* [YOUR INSTRUCTIONS]:
Each entry below is to be reproduced exactly, though any pictures it holds must be omitted.

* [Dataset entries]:
----

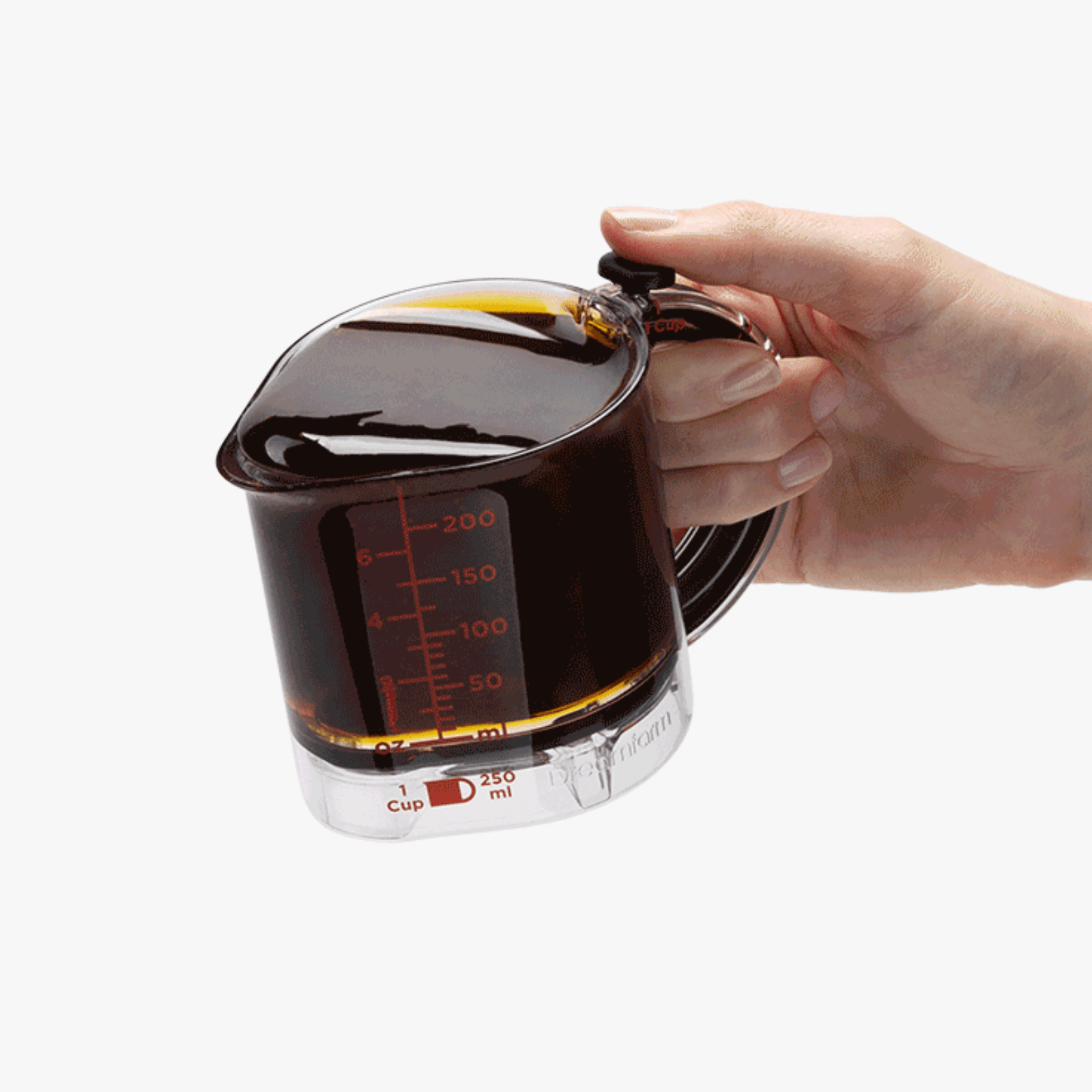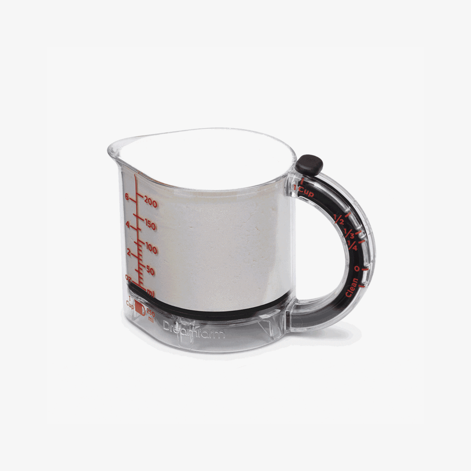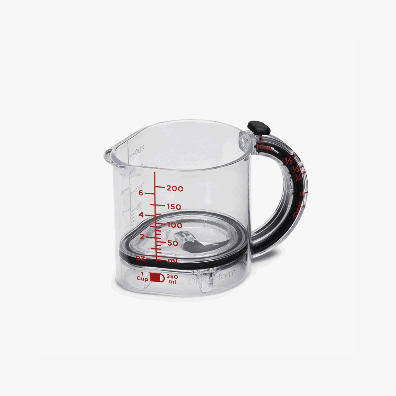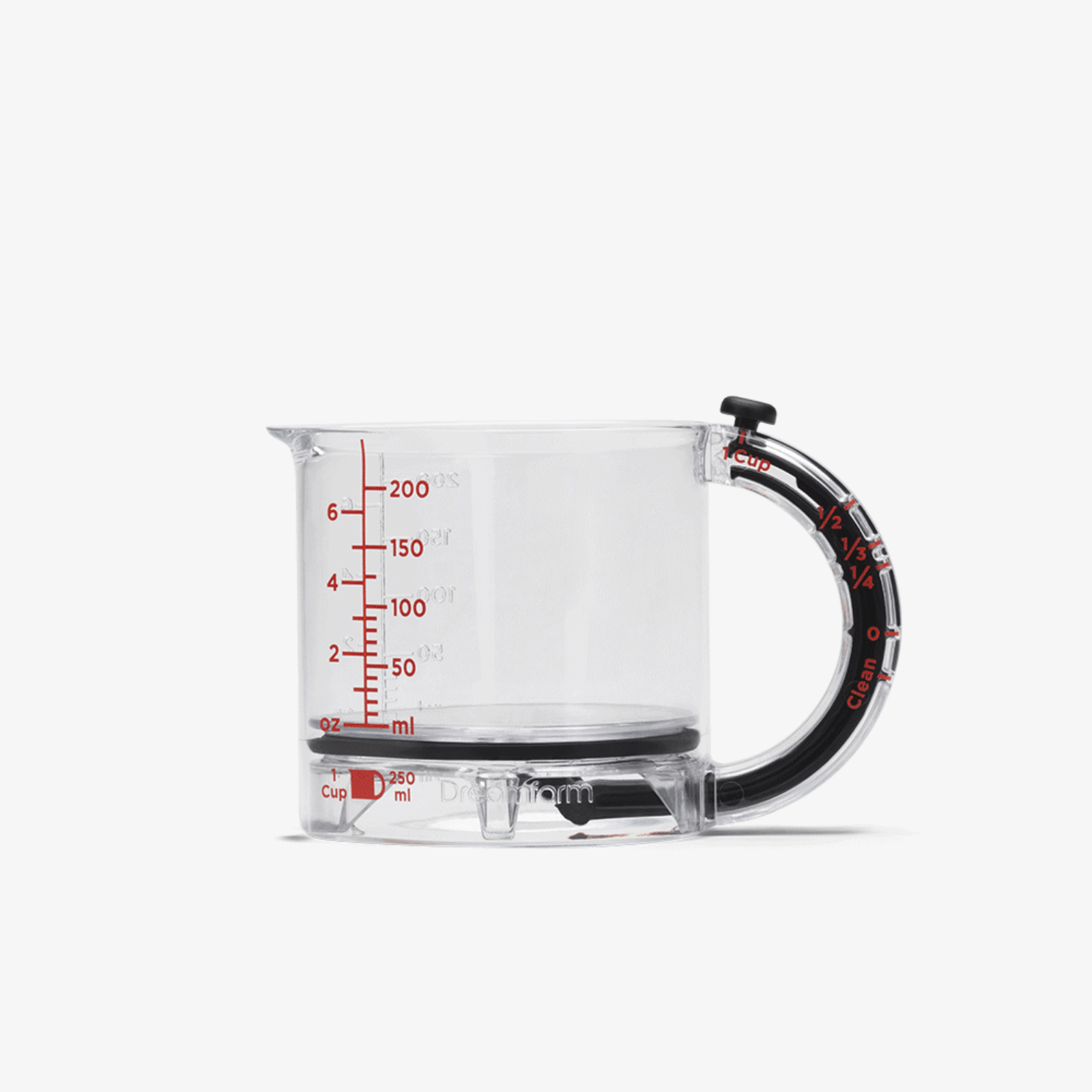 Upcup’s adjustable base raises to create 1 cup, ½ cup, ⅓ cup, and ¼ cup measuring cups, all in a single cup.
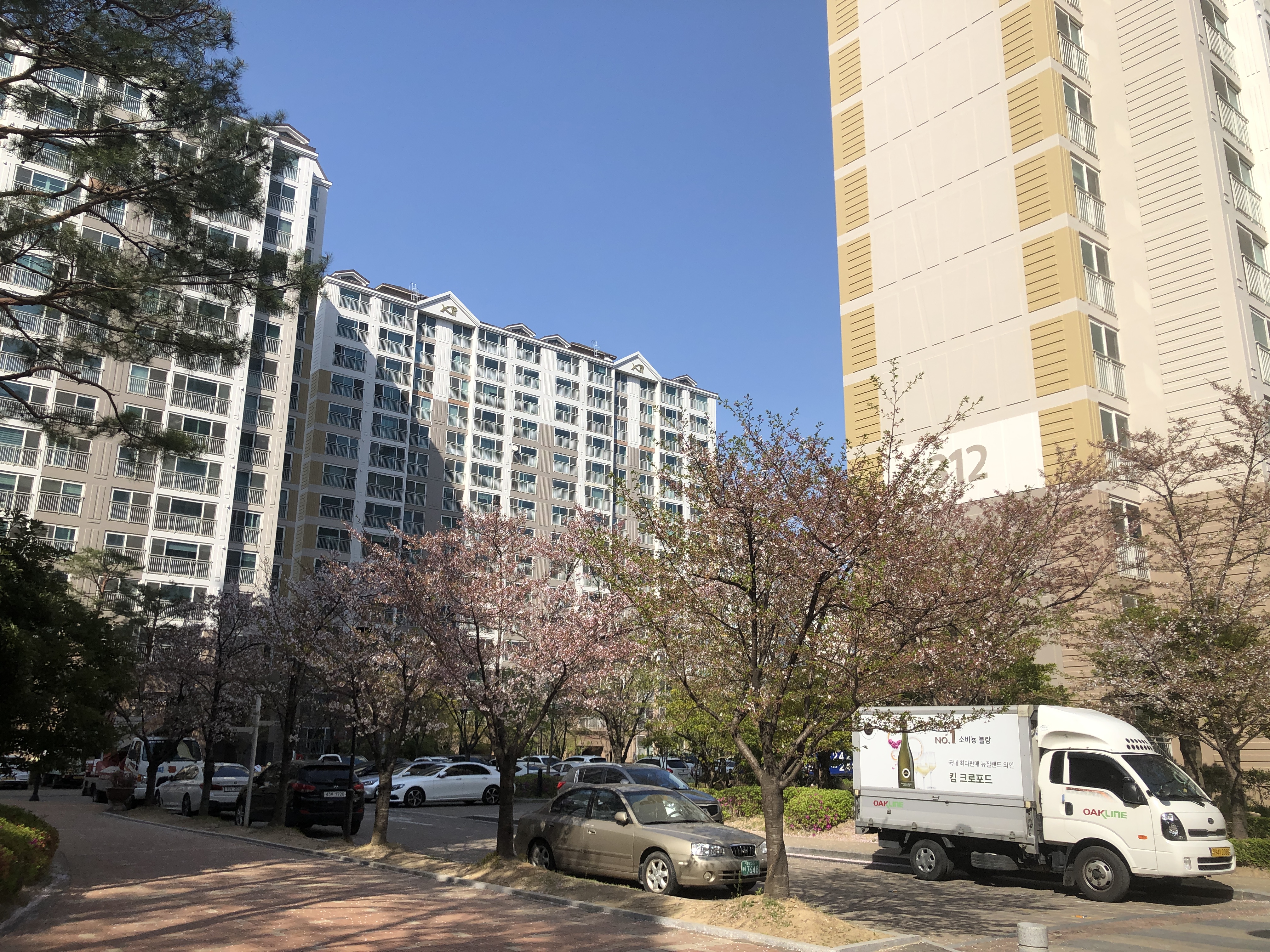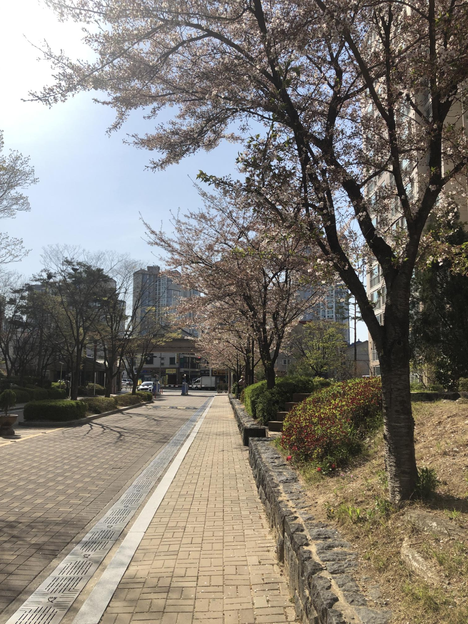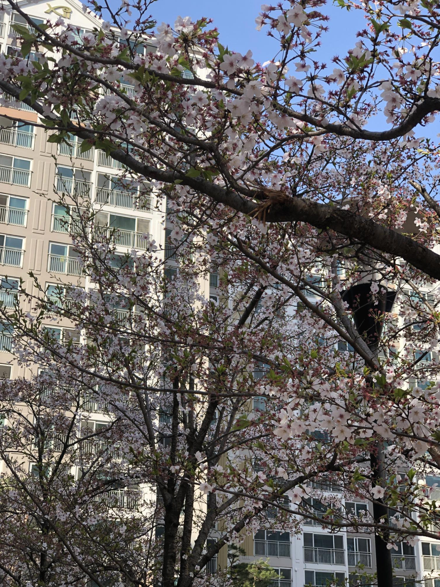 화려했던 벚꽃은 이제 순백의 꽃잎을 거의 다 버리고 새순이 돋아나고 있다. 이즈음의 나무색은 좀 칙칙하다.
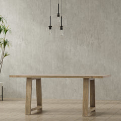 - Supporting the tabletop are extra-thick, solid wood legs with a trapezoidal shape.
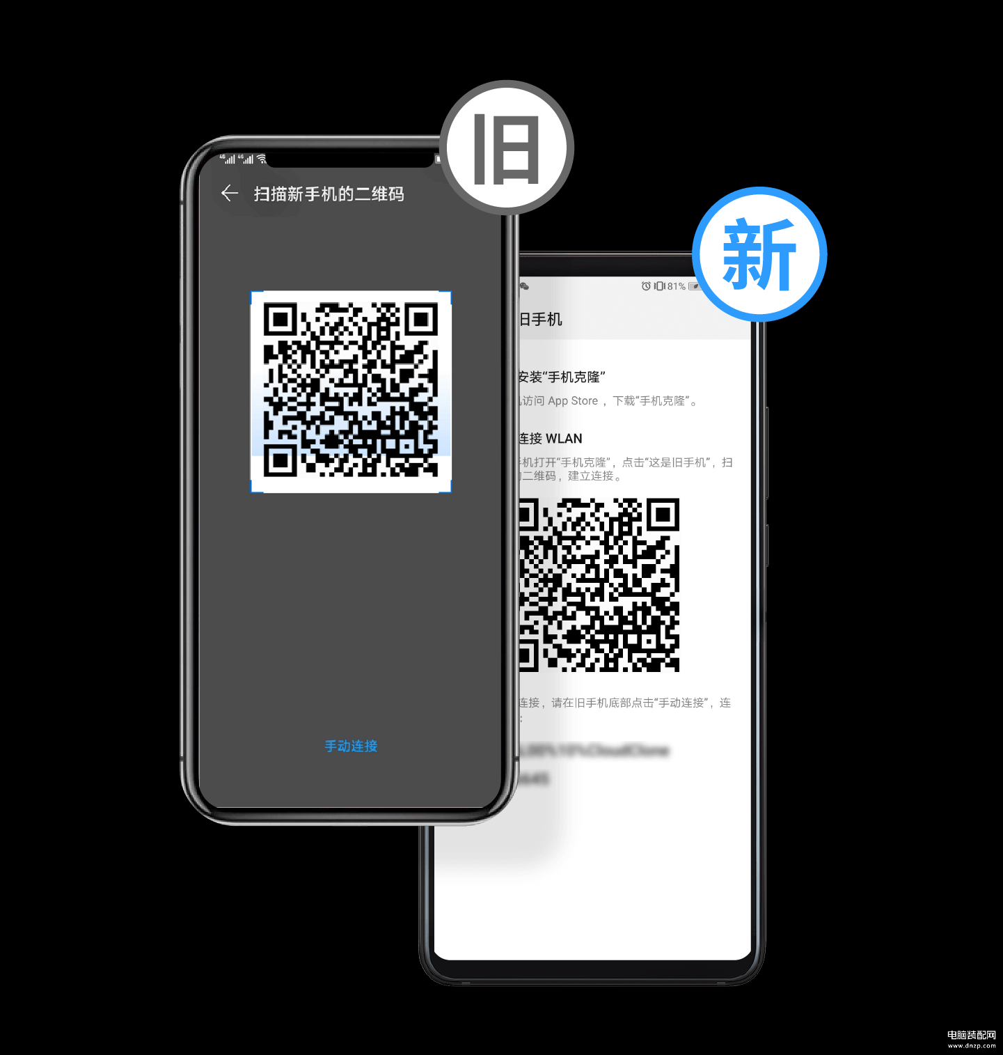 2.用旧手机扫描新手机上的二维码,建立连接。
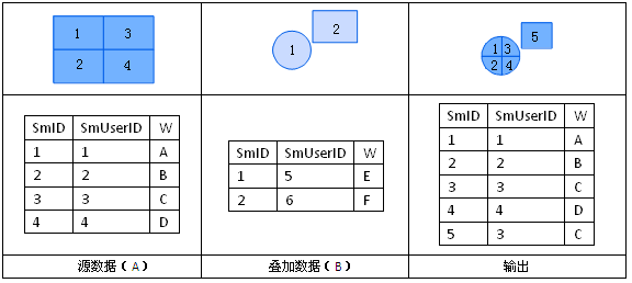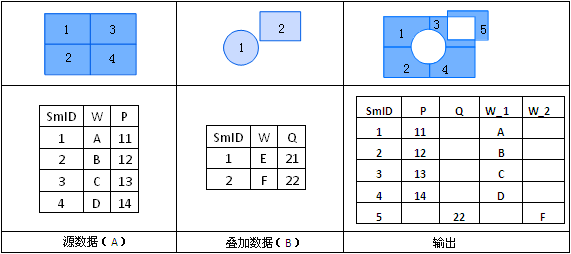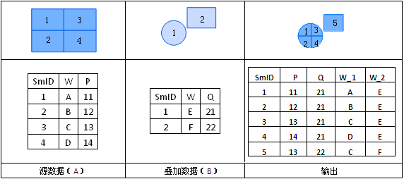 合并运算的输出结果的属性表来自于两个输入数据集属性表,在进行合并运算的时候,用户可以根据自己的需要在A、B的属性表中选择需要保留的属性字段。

----

* [EXERCISE OUTPUT]:
 Upcup’s adjustable base raises to create 1 cup, ½ cup, ⅓ cup, and ¼ cup measuring cups, all in a single cup.
 화려했던 벚꽃은 이제 순백의 꽃잎을 거의 다 버리고 새순이 돋아나고 있다. 이즈음의 나무색은 좀 칙칙하다.
 - Supporting the tabletop are extra-thick, solid wood legs with a trapezoidal shape.
 2.用旧手机扫描新手机上的二维码,建立连接。
 合并运算的输出结果的属性表来自于两个输入数据集属性表,在进行合并运算的时候,用户可以根据自己的需要在A、B的属性表中选择需要保留的属性字段。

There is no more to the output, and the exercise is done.